There are some issues that I think are particularly well-suited to engaging a coalition transcending partisanship. One of those is cutting Medicaid and CHIP. Every Congressional district has recipients. Below is a link to charts for every district.
https://acasignups.net/25/01/29/how-many-people-have-medicaidchip-coverage-your-congressional-district
25-30% percent is common but these numbers under count those impacted. Did you know that Medicare ( for seniors over 65) charges a “premium” that is automatically deducted from your social security payment that is at best roughly equivalent to a person working full time at minimum wage? Medicaid pays the premium for someone’s elderly parents, and it provides insurance for adults who work low paying jobs. Even if a person has a job where they get insurance, they have loved ones who rely on these programs. Even if they’re Republicans I daresay they did not vote for the suffering and death of those who mean the most to them.

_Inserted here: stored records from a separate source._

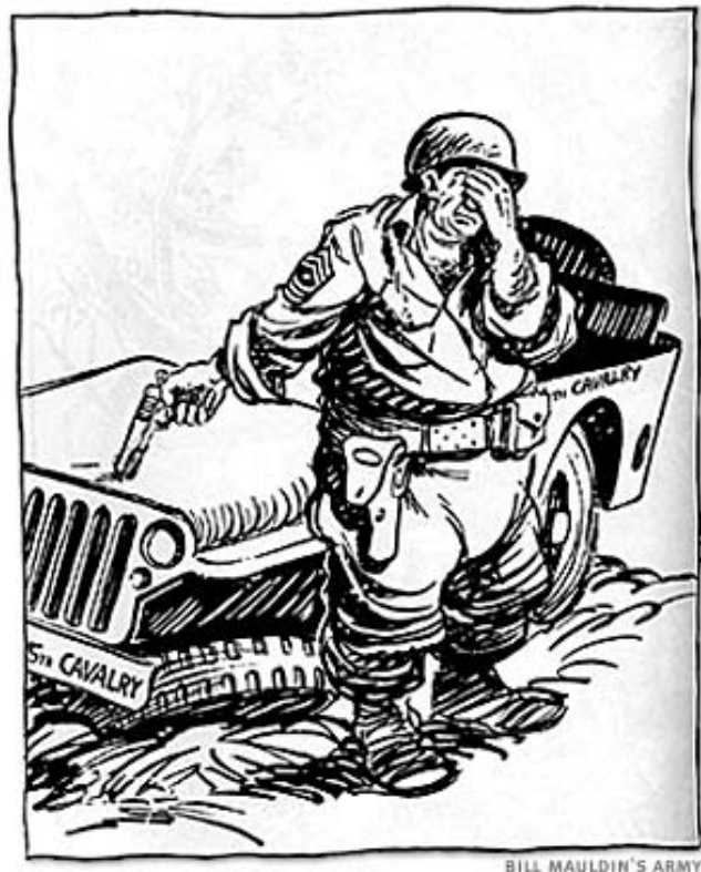
BILL MAULDIN'S ARMY
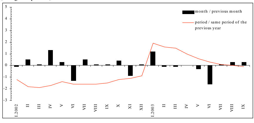
Chart 3 Prices of producers of industrial products (changes in percent)

...while they decreased by 0.1% on a cumulative basis
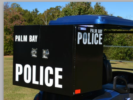
Custom locking aluminum box made to your specification
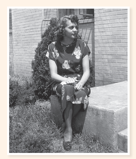
Outside her college dorm, c. 1948
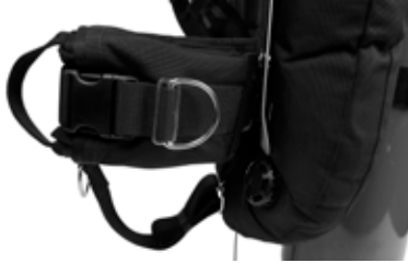
Fig. 55: ACB20 Integrated weight pocket, mounted on Secure Harness waist belt.
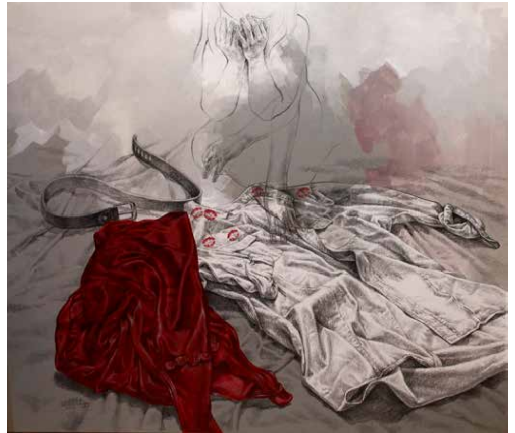
ILLEGAL KISSES | Pencil & Acrylic on canvas 130 x 150 cm , 2013 |
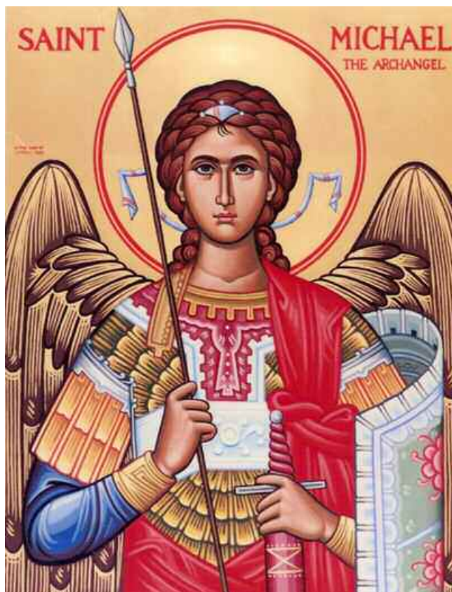
Brother Simeon, 1986, © Monastery Icons

The Race Spirit took special care of certain sects of people, for example, the Levites among the Jews, who were destined specially for priesthood and they were herded around the temples and were specially bred to be the forerunners and teachers of their brethren. Their system of mating and regulation of the sex life of these special protégés produced a more lax connection between the vital body and the dense body, which was necessary in order that Initiation might take place and help man to advance. As long as the Race Spirit works with us we are under the law, we are only overcoming the influence of the desire body; therefore Paul says well that the law was until Christ. Not until Christ came 2,000 years ago, but until "Christ be formed in you." When we release ourselves from the toils of the desire body and live up to the vibrations of the vital body, we become imbued by the Christ Spirit. Then

Like fracking was for us, this issue hits people in a profoundly personal way, and in my experience, those movements are the easiest to organize because real passion and real fear are there. And, anyone can understand this issue immediately in one sentence. The enemy has already given us a boost by that funding shutdown that had to be enjoined by a court.
People already tried to use their cards so to speak, and they weren’t working. They felt the panic, and when we reach out they will know we’re not lying about the threat.
OUR JOB IS TO RAISE THE AMERICAN PEOPLE TO DEFIANCE. WE’RE ALL PAUL REVERE TODAY SO SADDLE UP. PROJECT 2025 UPON US. (There’s a good graphic in there somewhere)
Thanks for your attention. I have many action ideas but this post is already long when we all have so much to read.